Rumah hiburan umum (RHU) menjadi primadona karena mengalirkan pundi-pundi pajak bagi pembangunan Kota Pahlawan. Namun, semua berubah saat virus korona merebak. Kini pengusaha RHU paling babak belur dihantam dampak pandemi.

UMAR WIRAHADI, Jawa Pos

”Ibaratnya, kami sudah delapan bulan tidak makan dan tidak minum. Tapi bagaimanapun, kami harus bisa bertahan,” kata Santoso Setyadji saat ditemui Jawa Pos di sebuah mal di Surabaya Barat pekan lalu.

Dia tampak begitu emosional ketika disinggung soal kondisi perekonomian para pengusaha rumah hiburan umum akhir-akhir ini. Termasuk dirinya. Maklum, pria 60 tahun itu adalah pemilik 85 outlet rumah karoke keluarga di bawah bendera Happy Puppy. Rumah karaokenya tersebar di 46 kota. Bahkan, dia menjabat ketua umum Asosiasi Pengusaha Rumah Bernyanyi Keluarga Indonesia (Aperki). ”Jadi, saya ngerti betul bagaimana terpuruknya pengusaha RHU ketika pandemi ini,” ujarnya.

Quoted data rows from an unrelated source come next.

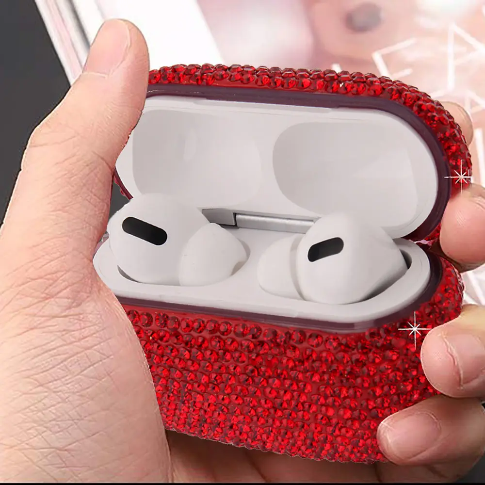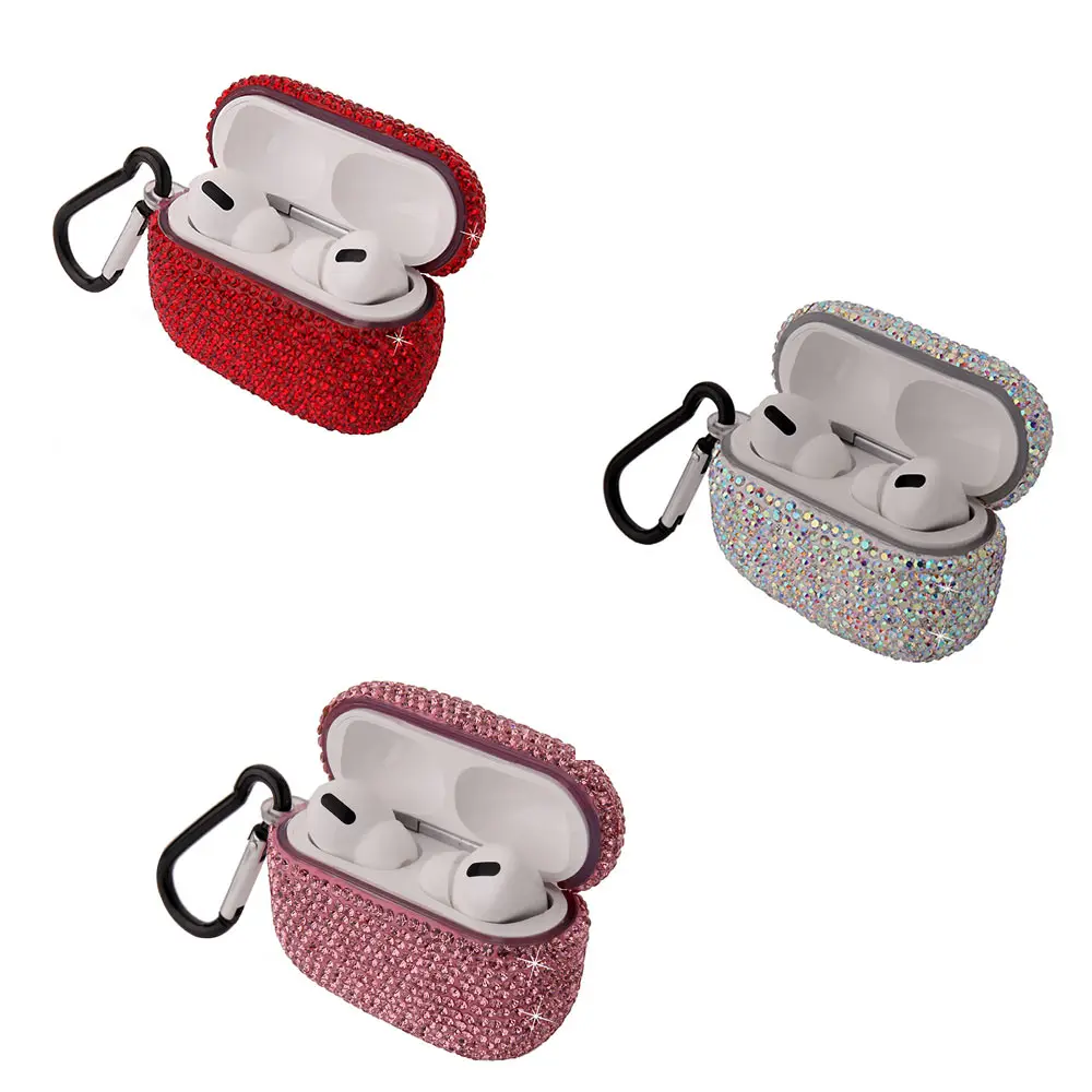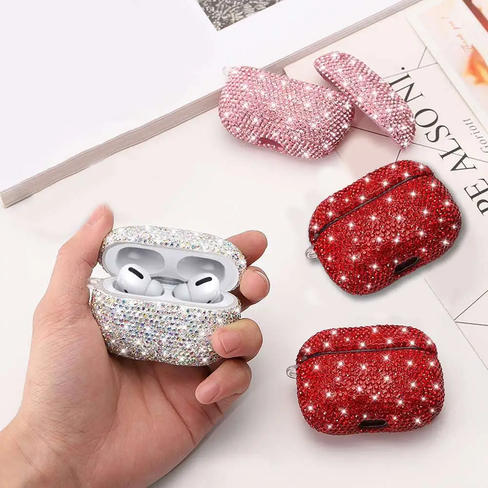 Comprar Funda de lujo con diamantes de imitación y purpurina para Airpods, funda protectora para Apple Airpods Pro 3, funda dura para PC con diamantes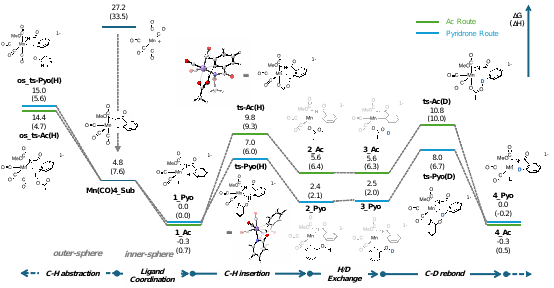 条件筛选中,团队发现:锰催化剂、配体结构、碱基选择、氘源及温度对收率和氘代率影响显著。通过一系列的优化实验,确定最佳反应条件为:Mn(CO)5Br(10mol%),Na2CO3(1equiv.),Ligand L2(0.1equiv.),NMP(0.5mL),D2O(0.5mL),在60℃下反应16小时,氘代率为1.94,产率为90%。接着进行了初步的密度泛函理论研究。基于已建立的CMD机理框架,含有吡啶酮的H/D交换显示C-H活化的能垒为9.0 kcal/mol,整个氘代过程的总能垒为10.0 kcal/mol。同时,以醋酸盐为CMD碱的无配体路径在起始阶段表现出更高的自由能,该路径的总能垒为11.1 kcal/mol。而球外C-H插入的能垒较高,其中吡啶酮L2和醋酸酯的活化能分别为15.1和14.7 kcal/mol。因此,吡啶酮应该作为一种内源性碱,促进可逆的C-H活化和随后的氢氘交换,从而促进整个氘代过程。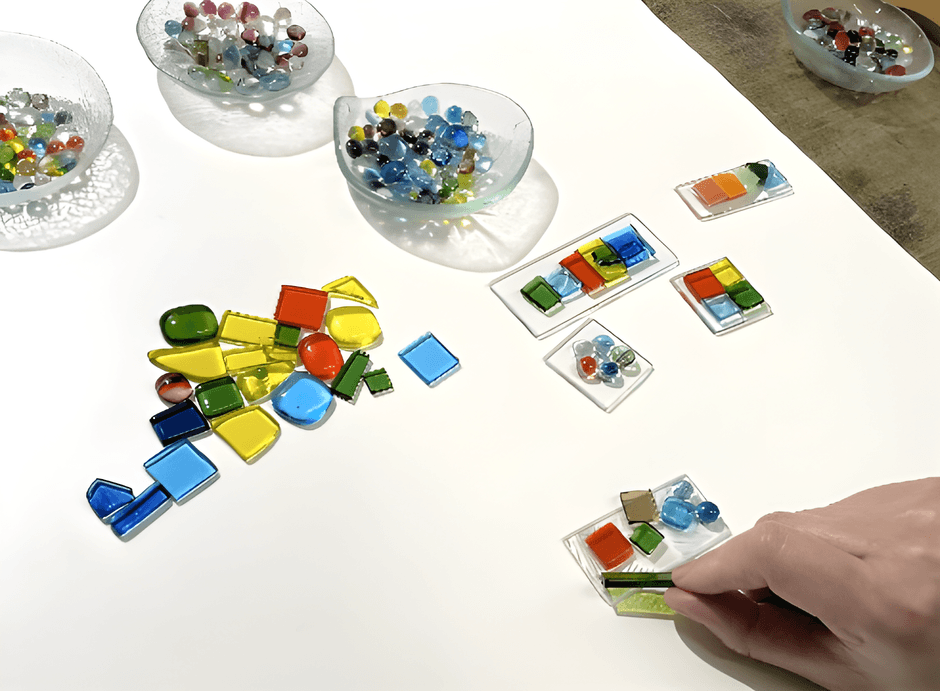 様々な色と形のガラスを接着させてオリジナルのガラス指輪やミラーを作ります。

Dia menuturkan, ketika virus korona kali pertama muncul awal Maret lalu, pihaknya mulai waswas meski dampaknya belum begitu terasa. ”Ibaratnya, masih bisa senyumlah. Gaji karyawan juga lancar,” tuturnya.

Namun seiring waktu, pelaku usaha mulai merasakan dampaknya. Omzet menurun drastis karena pengunjung sepi. April makin parah dengan lonjakan kasus yang meningkat. Puncaknya adalah ketika pemerintah memberlakukan pembatasan sosial berkala besar (PSBB) pada akhir April. Semua perkantoran maupun tempat usaha tutup untuk menekan laju persebaran virus.

Sampai saat itu, sambung Santoso, pihaknya masih bisa bertahan karena operasional mengandalkan tabungan. Kewajiban kepada para karyawan juga tidak berubah. Sebanyak 2.200 karyawan yang bekerja di seluruh outlet Happy Puppy masih menerima gaji utuh meski tidak beroperasi. Bahkan, dia masih memberikan tunjangan hari raya (THR) saat Hari Raya Idul Fitri pada 24 Mei.

Namun setelah tiga bulan berlalu, seluruh anggota Aperki yang mengelola rumah karoke keluarga benar-benar merasakan dampaknya. Jumlahnya mencapai 295 outlet se-Indonesia. Termasuk outlet yang beroperasi di Surabaya. Sebab, mereka tidak bisa beroperasi setelah PSBB. ”Setelah itu, siapa yang kuat? Sebagai pengusaha, kami hanya mampu bertahan sampai tiga bulan,” ujar arek Suroboyo itu.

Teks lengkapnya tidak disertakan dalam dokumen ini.